Jakarta, CNBC Indonesia - Harga komoditas global kini makin tidak stabil. Harga yang naik tajam lalu anjlok dalam waktu singkat membuat para pelaku industri, investor, hingga pemerintah kelimpungan.
Contoh paling nyata terlihat pada harga minyak dunia. Dalam serial drama "Landman", tokoh fiksi pekerja migas Tommy Norris yang diperankan oleh Billy Bob Thornton menyebut harga ideal minyak adalah US$78 per barel. Di angka tersebut, produsen bisa meraih untung wajar, tetap berinvestasi untuk eksplorasi, dan konsumen masih bisa membeli tanpa terbebani.
Namun saat ini, harga minyak mentah Brent justru tertekan di kisaran US$65 per barel. Selain terlalu rendah, harganya juga terlalu fluktuatif.
Gangguan pada harga minyak, kali ini dipicu oleh perang. Meskipun minyak telah lama menjadi produk yang sulit dikendalikan, riset terbaru dari Bank Dunia menunjukkan bahwa beberapa tahun terakhir kondisinya menjadi jauh lebih buruk. Siklus naik-turun harga saat ini lebih pendek dan lebih ekstrem dibanding masa lalu.
Dulu, pemicu utama siklus komoditas berasal dari sisi pasokan. Sesuatu harus ditambang dari bumi atau ditanam dari nol. Ini memerlukan waktu panjang dan modal besar.
Pada kenyataannya, butuh waktu 10 hingga 20 tahun dari penemuan hingga produksi. Karena itu, pasokan sulit merespons sinyal harga, yang menyebabkan investasi berlebihan saat boom dan kelebihan pasokan saat krisis, demikian dikutip dari laporan The Economist, Sabtu (28/6/2025).
Dinamika persediaan juga memperparah siklus harga komoditas. Dalam banyak kasus, barang tersebut sulit disimpan atau mudah rusak, seperti komoditas pertanian.
Cadangan yang tipis membuat ketidakseimbangan jangka pendek antara permintaan dan penawaran bisa menyebabkan lonjakan harga besar. Spekulasi finansial turut memperkuat sentimen pasar. Secara umum, permintaan terhadap komoditas sangat terikat pada siklus bisnis global. Dan selalu ada potensi pecahnya perang baru.
Riset Bank Dunia menemukan bahwa fluktuasi harga ini kini makin sering terjadi.
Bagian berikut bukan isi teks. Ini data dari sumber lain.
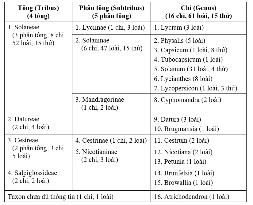 Theo hệ thống phân loại của H. Melchior (1964), họ Solanaceae ở Việt Nam có 4 tông: Solaneae, Datureae, Cestreae và Salpiglossideae; tông Solaneae gồm 3 phân tông: Lyciinae, Solaninae, Mandragorinae; tông Cestreae gồm 2 phân tông: Cestrinae và Nicotianinae; tông Datureae và Salpiglossideae không có phân tông với 15 chi là: Lycium, Physalis, Capsicum, Tubocapsicum, Solanum, Lycianthes, Lycopersicon, Cyphomandra, Datura, Brugmansia, Cestrum, Nicotiana, Petunia, Brunfelsia và Browallia. Ngoài ra, còn có một chi được biết không chắc chắn, là chi Atrichodendron.

Siklus boom kini hanya berlangsung 24 bulan, sedangkan masa krisis 23 bulan. Ini jauh lebih singkat dibanding periode 1970-2020, di mana satu siklus puncak ke puncak butuh waktu rata-rata 90 bulan. Kini, hanya sekitar 45 bulan.
Kejadian ini memiliki dampak besar bagi pemerintah di seluruh dunia. Menurut Bank Dunia, dua pertiga dari negara berkembang sangat bergantung pada komoditas untuk ekspor, pendapatan fiskal, dan aktivitas ekonomi mereka.
Siklus harga yang lebih tidak stabil menjadi tantangan berat bagi para pembuat kebijakan di negara-negara tersebut, dan menurunkan kemungkinan pertumbuhan ekonomi yang solid.
Ini juga menjadi tantangan bagi bank sentral di negara maju. Secara historis, mereka cenderung mengabaikan pergerakan harga berbasis komoditas dan fokus pada inflasi inti yang mengecualikan energi dan pangan.
Mengingat bahwa dalam periode 1970-2020 harga biasanya naik dan turun dalam proporsi yang serupa, pendekatan itu masuk akal. Tapi jika kini lonjakan harga lebih besar dibanding penurunannya, seperti yang tampak sekarang, situasinya jadi jauh lebih rumit.